Cada día avanzábamos más en nuestra meta hacia el castillo de Oz, queríamos conocer al mago, imbuirnos de su sabiduría, disfrutar de su magia. Pero el camino nunca se terminaba. Siempre había algo nuevo que descubrir, algo más fantástico si cabe, más asombroso donde nada se correspondía con todo lo conocido, donde ni siquiera los colores eran los mismos colores que en la realidad... ni las sensaciones... ni los olores... nada era real, pero tampoco era mentira.

Para mí los días eran un suplicio, suspiraba y veía pasar las horas lentamente esperando con ansia la llegada de la noche y, con ella, el encuentro con Mabel y de nuevo nuestro paseo por aquel asombroso mundo que cada vez me atraía más. Cogidos de la mano atravesábamos de nuevo las páginas de ese extraordinario universo y nos perdíamos en su suelo amarillo y sus laterales azules.

Pero una noche, Mabel llegó tarde a nuestra cita, yo estaba nervioso y alterado. ¿Me habría abandonado? ¿Estaría harta de mí, un pobre hombre acobardado y vencido por las circunstancias de una vida dura? No me extrañaba, no era la primera vez que una mujer me dejaba a mi suerte. Pero al final volvió a mi lado, era tarde pero allí estaba frente a mí, fue tanta mi alegría al verla que no supe medir mis fuerzas y en el abrazo del reencuentro la apreté. Era tal mi sensación de alegría que no supe medir mis fuerzas y mientras estrujaba con mis poderosos brazos su cuerpo menudo, ella chillaba y entre sollozos me pedía que la dejara, que no la abrazase tan fuerte que la impedía respirar. Los chillidos se fueron convirtiendo en jadeos apagados sin fuerzas para hablar, su voz salía entrecortada, sin aliento, pero yo seguía apretándola muy fuerte, cada vez más fuerte entre mis brazos hasta que sentí un crujido, y me di cuenta demasiado tarde que los frágiles y delicados huesos de Mabel se habían roto, yo los había partido sin ninguna misericordia.

No quise hacerlo, he jurado mil veces que solo fue una señal de afecto, una caricia exagerada sí, porque la alegría de haberla recuperado me exaltó.

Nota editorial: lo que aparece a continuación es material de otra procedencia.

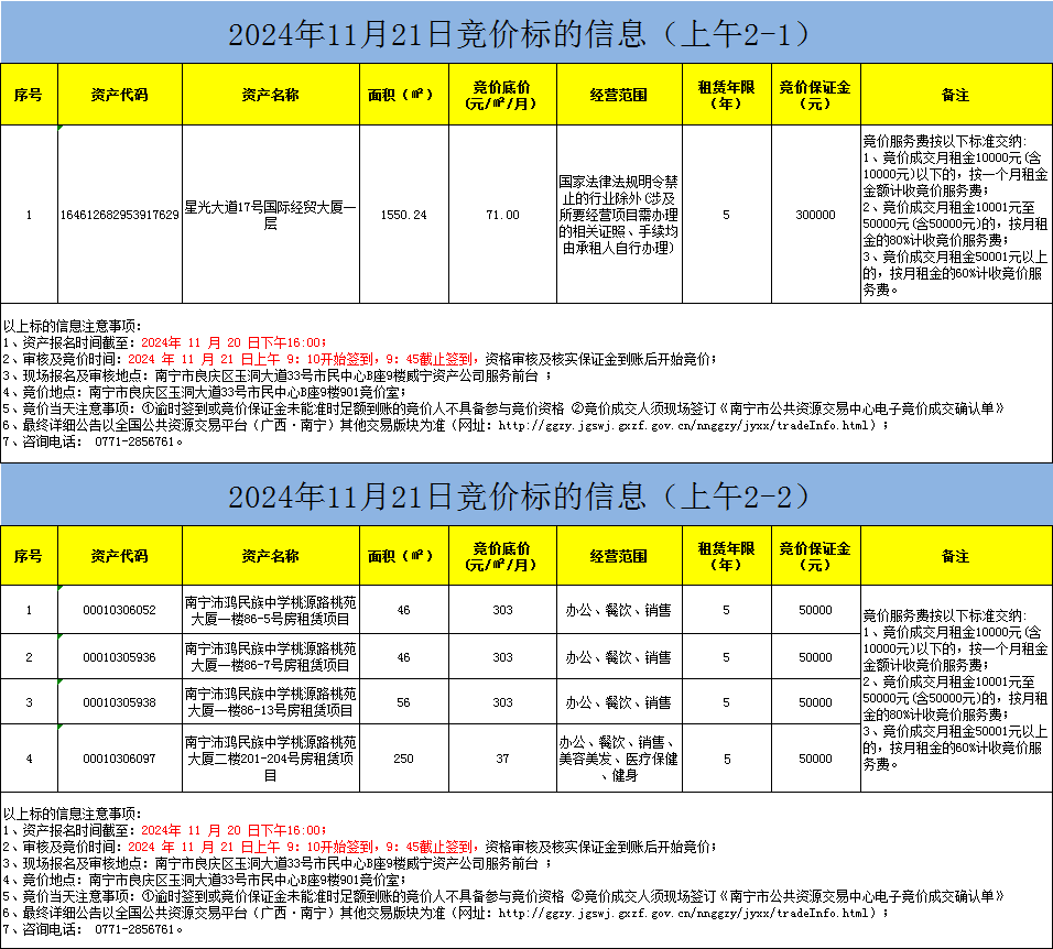 2024年11月21日競(jìng)價(jià)標(biāo)的信息(現(xiàn)場(chǎng)競(jìng)價(jià))
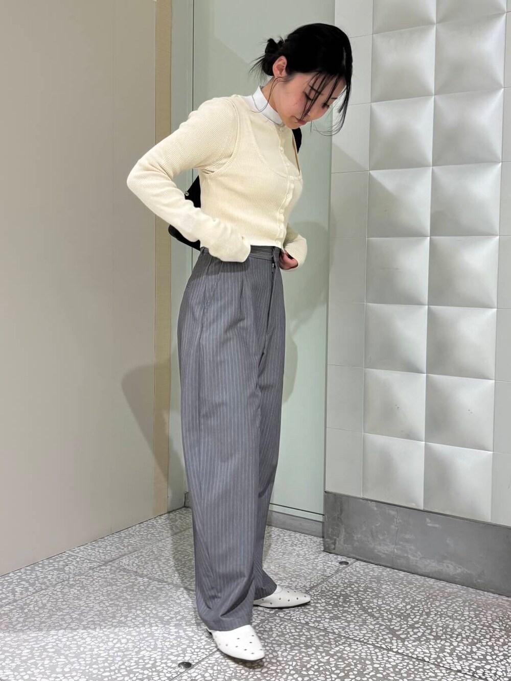 細いストライプで縦のラインがでるのでスタイルアップ効果◎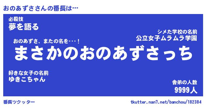 | 伝説のあだ名 | 『伝説のスナイパーおのあずさ』 |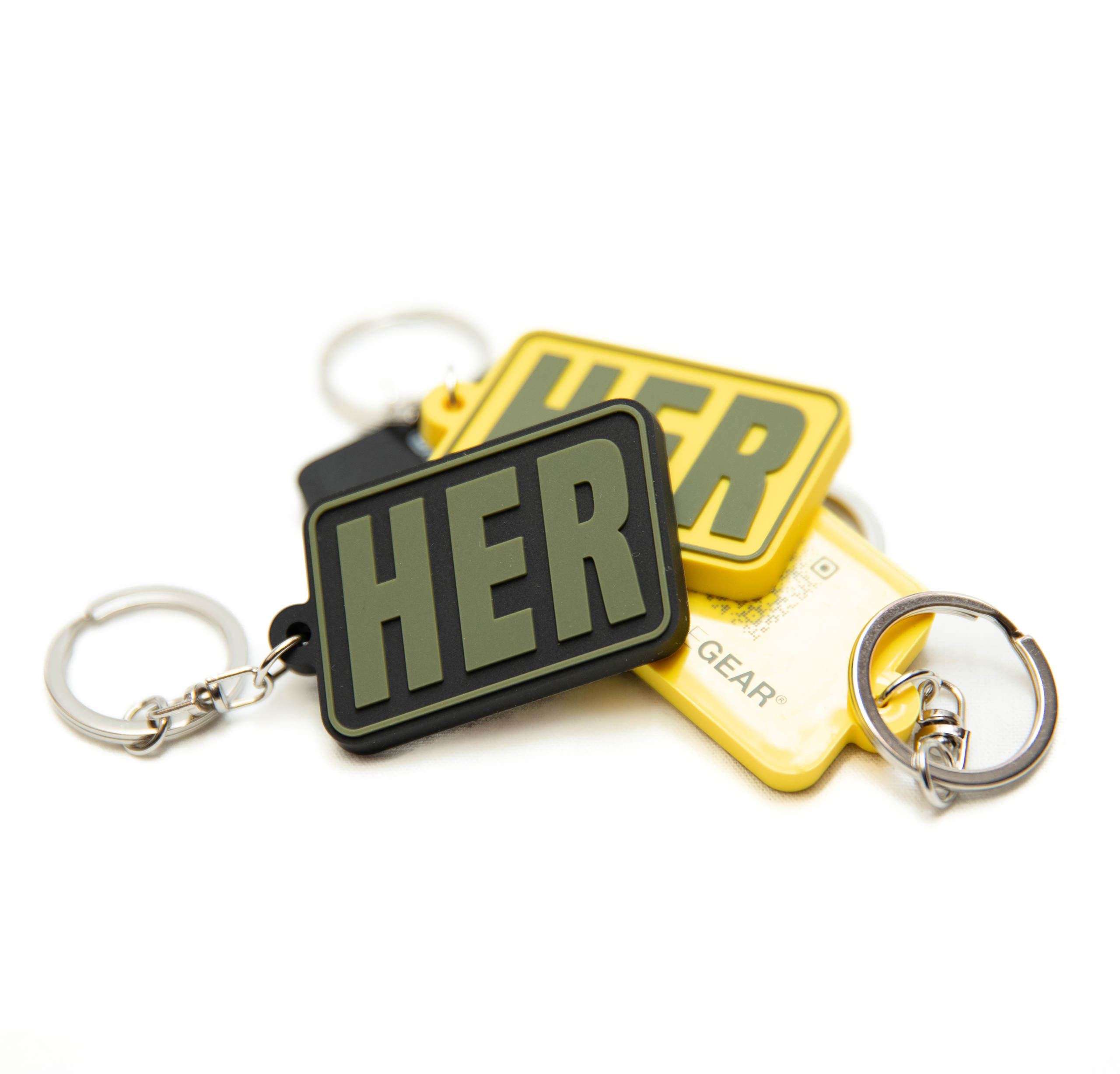HER CULEGEARのロゴをそのまま立体的に再現した、ラバー素材のキーホルダー。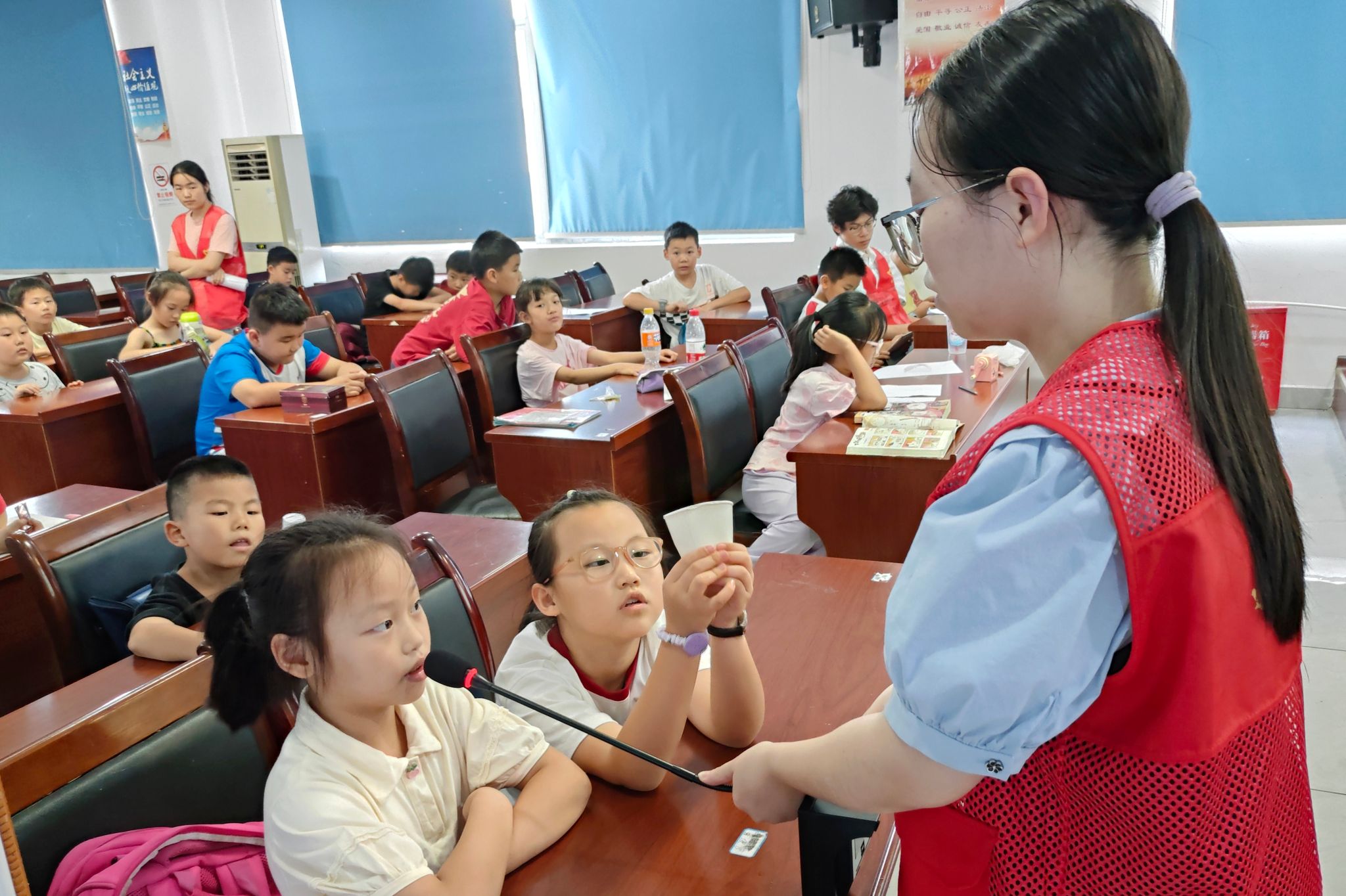 周洁帆通过讲述鸡毛信、刘胡兰和半条被子的故事,带领同学们一起探索爱国主义的内核以及红色精神的传承,树立正确的人生观、价值观。此外,周洁帆她向小朋友们提问每个故事带来的收获,小朋友们表示此次课程让他们对革命先烈事迹和先烈们面对困难、奋勇直前的精神拥有了新的认识和理解。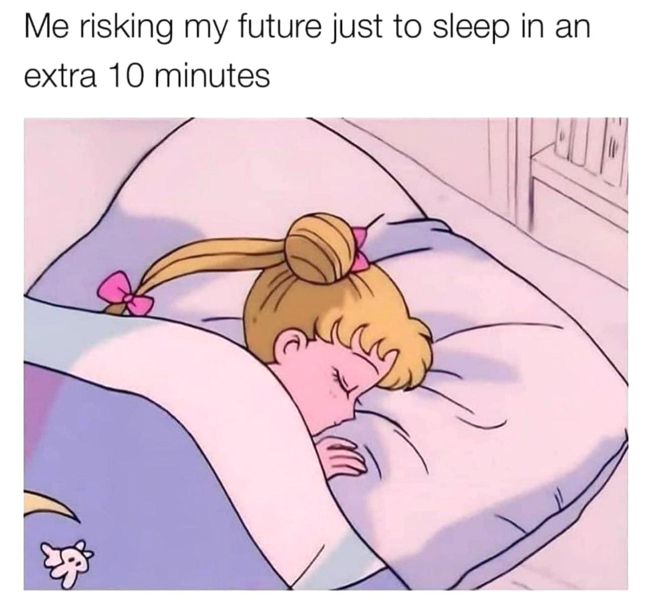 Caption: "Me risking my future just to sleep in an extra 10 minutes"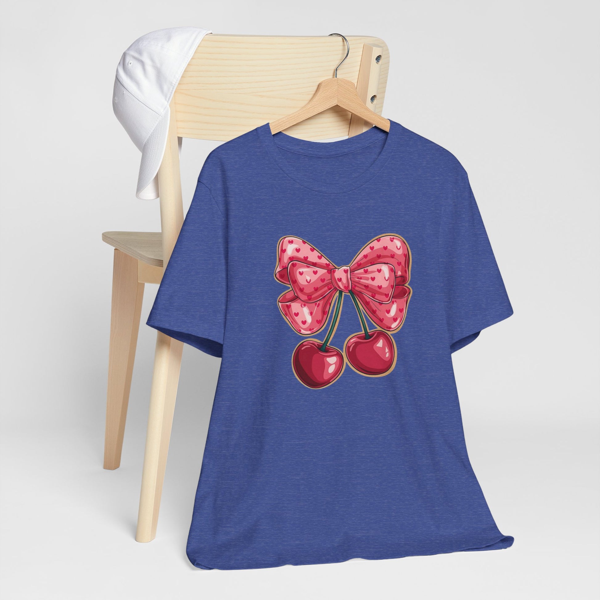Soft, breathable cotton with a playful, vintage-inspired cherry-and-bow artwork centered on the chest. Light and airy to wear on warm days or layered beneath a jacket. The design reads cute and nostalgic — like a hand-drawn sticker from a summer scrapbook — and sits cleanly on a classic crew neckline. It’s made to move with you: durable side seams, shoulder tape to prevent stretching, and a ribbed collar that keeps its shape wash after wash. Ethically produced blanks and a tear-away label keep this tee comfortable for all-day wear.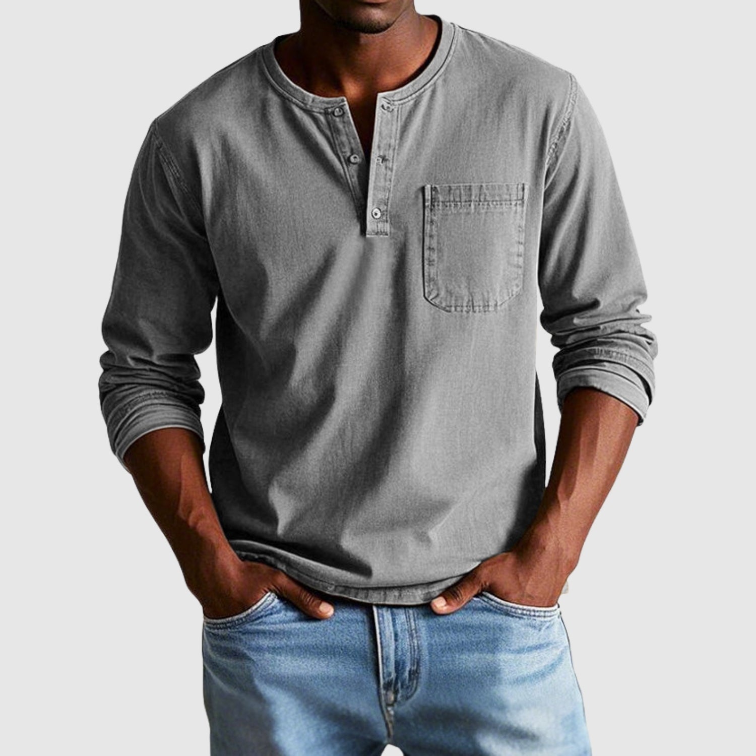 Ez a hosszú ujjú ing, amelyet a vintage stílus örök varázsa ihletett, a kényelem és a karakter tökéletes kombinációját kínálja. Az nyitott dekoltázs, a mellzseb és a laza szabás univerzális választássá teszi a hétköznapi megjelenésekhez, autentikus ízzel. Ideális azok számára, akik értékelik az egyedi identitású ruházatot.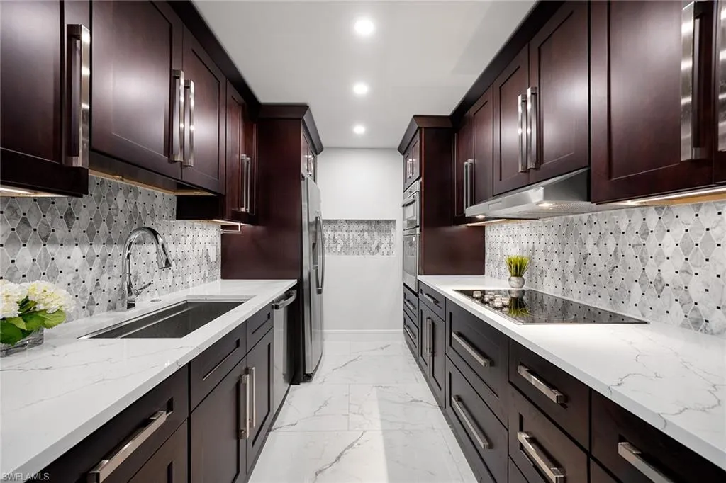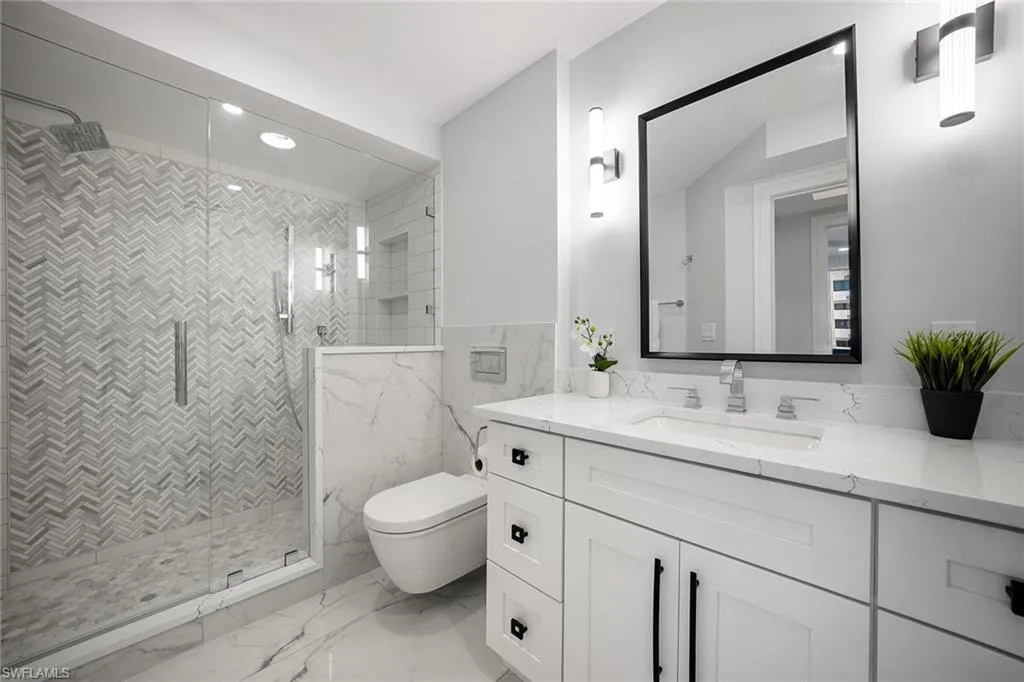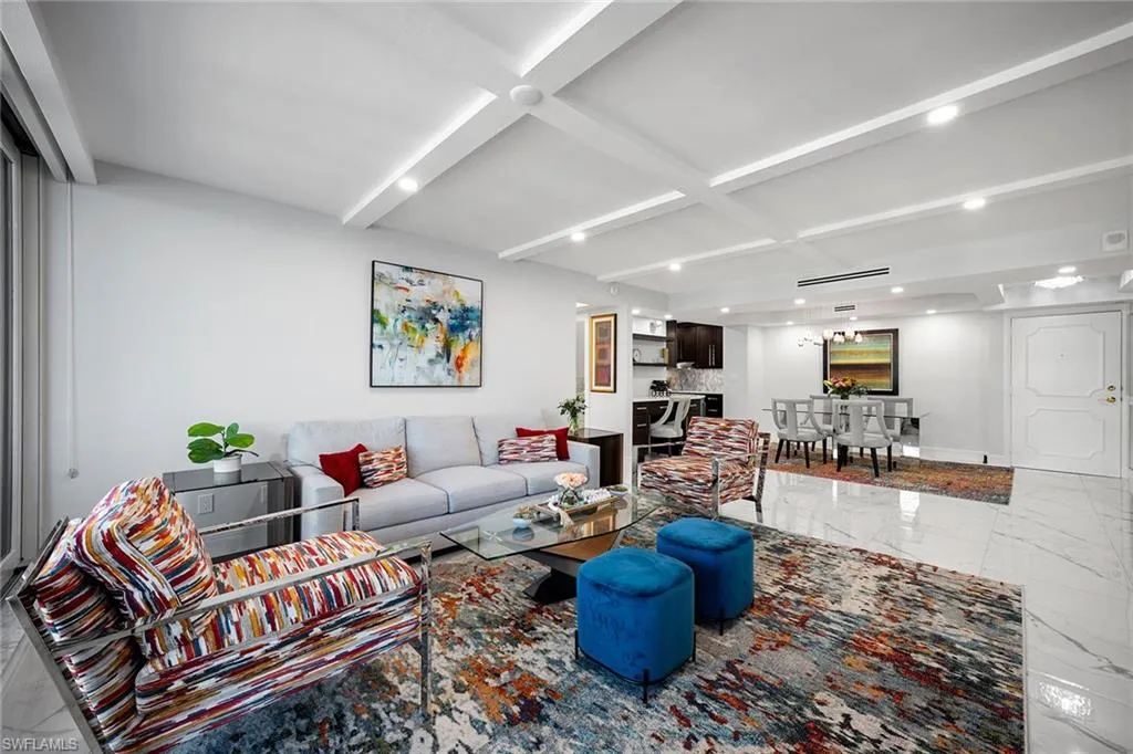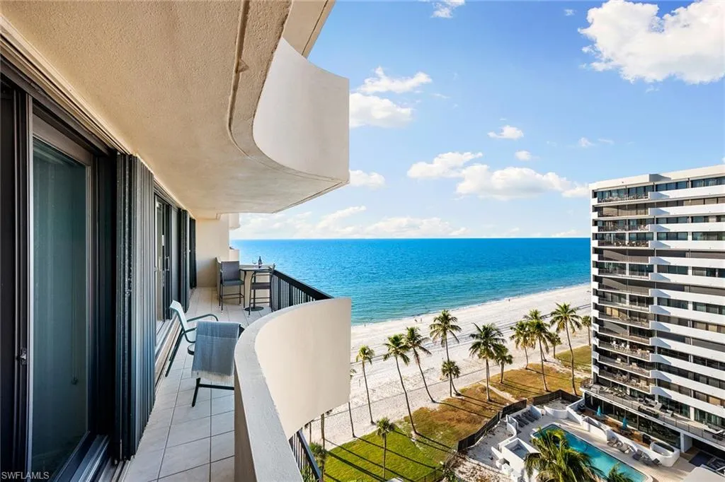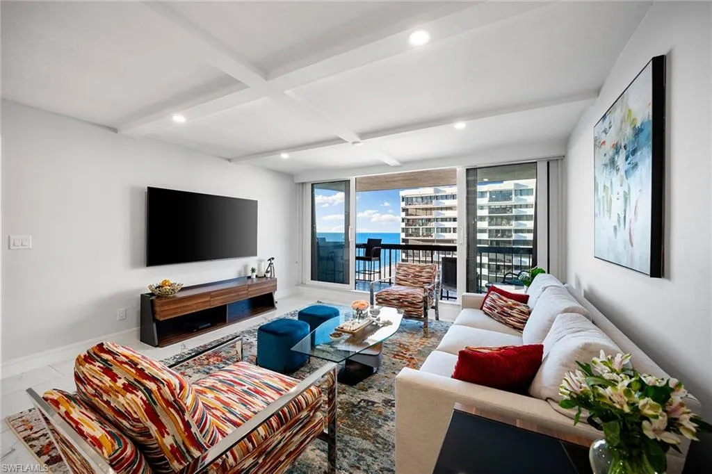 Fully renovated Park Shore 2 bed, 2 bath condo updated from top to bottom, including electrical and plumbing. Light, bright, and coastal-chic, this residence welcomes you with impact sliders that open to soothing surf sounds and wide Gulf vistas. Every room spills onto the private balcony, offering breathtaking views and gentle breezes. The Surfsedge building has undergone a complete 2024-25 transformation with a stunning new lobby, 2 beautifully redesigned guest suites, contemporary fitness rm, stylish social room, a fire pit and resort-style pool/spa/deck w/ Gulf-front grilling. Major structural upgrades: all-new electrical systems, building generator, updated plumbing, gated parking, new fob-secure entry, 24-hour security, new elevators, manager offices, and mailroom. Residents enjoy private beach access, extra storage, and bike storage. Perfectly positioned on Park Shore Beach and just a short stroll to Venetian Village, minutes to Waterside Shops, and Downtown Naples. A must-see coastal gem.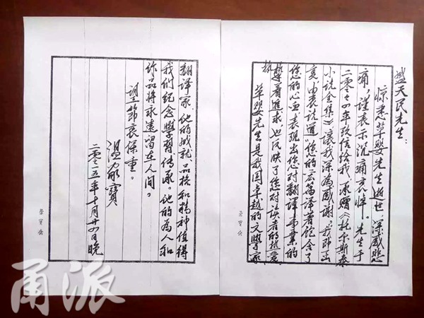 “這封信是昨晚溫總理在看到網(wǎng)絡媒體報道后,主動寫的。今天上午他的辦公室先傳真到北京的中國翻譯家協(xié)會,翻譯家協(xié)會在中午12點用微信發(fā)到家屬的手機上的。信函原件將通過中國翻譯家協(xié)會寄到上海市文聯(lián),再轉(zhuǎn)交給家屬。”方之岡告訴甬派記者,草嬰從事翻譯工作數(shù)十年,翻譯了列夫·托爾斯泰的全部小說作品,他的翻譯作品曾多次被國家領(lǐng)導人作為國禮,在出訪時送給外國元首。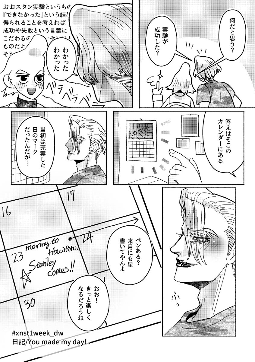 『君が作る日々』 幸せな日に偶々君がいたのではなく、君がいたから幸せだったのなら、未来だって言うまでもないだろう。 遅刻タイムに間に合わなかったガチの遅刻だけどワンドロライ100回おめでとうございました!!🎊 #xnst1week_dw @xnst1week_dw 日記/You made my day!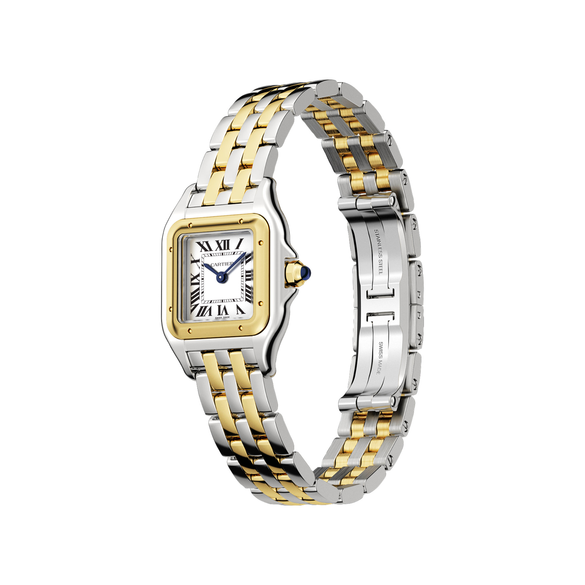 Ref. W2PN0013 - Panthère de Cartier, kleines Modell, Quarzwerk. Gehäuse aus 750er Gelbgold und Edelstahl, Größe: 23 mm x 30 mm, Höhe: 6 mm, Mehrkantaufzugskrone mit einem synthetischen blauen Spinell besetzt, silberfarbenes Zifferblatt, schwertförmige Zeiger aus gebläutem Stahl, Armband aus 750er Gelbgold und Edelstahl, wasserdicht bis zu 3 bar.

Fui yo el primero que acudí a la policía, fui yo quien se declaró culpable ante todo aquel que quisiera oírme. Y ahora estoy aquí, en este lugar blanco, impoluto, sin colores, sin alegría, en total soledad. No sé si es la auténtica realidad que me envuelve o son mis sueños que me atormentan. No se si este encierro mío es real o es producto de un mal sueño. Lo cierto es que desde que Mabel desapareció de mi vida no he vuelto a visitar el maravilloso mundo de Oz, parece como si ese lugar de prodigios asombrosos se hubieran esfumado con ella.

Mi único contacto humano era unos pocos minutos dos veces al día con aquellos hombres enfundados en sus monos blancos y, muy de vez en cuando, con dos hombres con batas blancas que, portando una carpeta en sus manos me miraban con indulgencia y movían la cabeza negando repetidamente para que el más mayor volviera a murmurar muy bajo, pensando que yo no le podía escuchar, las mismas palabras:

“¡Pobre muchacho!, es una lástima que haya perdido la noción de la realidad de esa manera, mira que pensar que ha asesinado a su novia. Este pobre desgraciado no tenía novia. La policía acudió a la vivienda en cuanto él se presentó a entregarse y allí no había ningún cuerpo. Lo único que encontraron en aquella habitación fue una figurilla de porcelana con forma de ninfa hecha pedazos en el suelo”.

Y ellos, pobres desgraciados, ¿que sabrán lo que pasó con Mabel?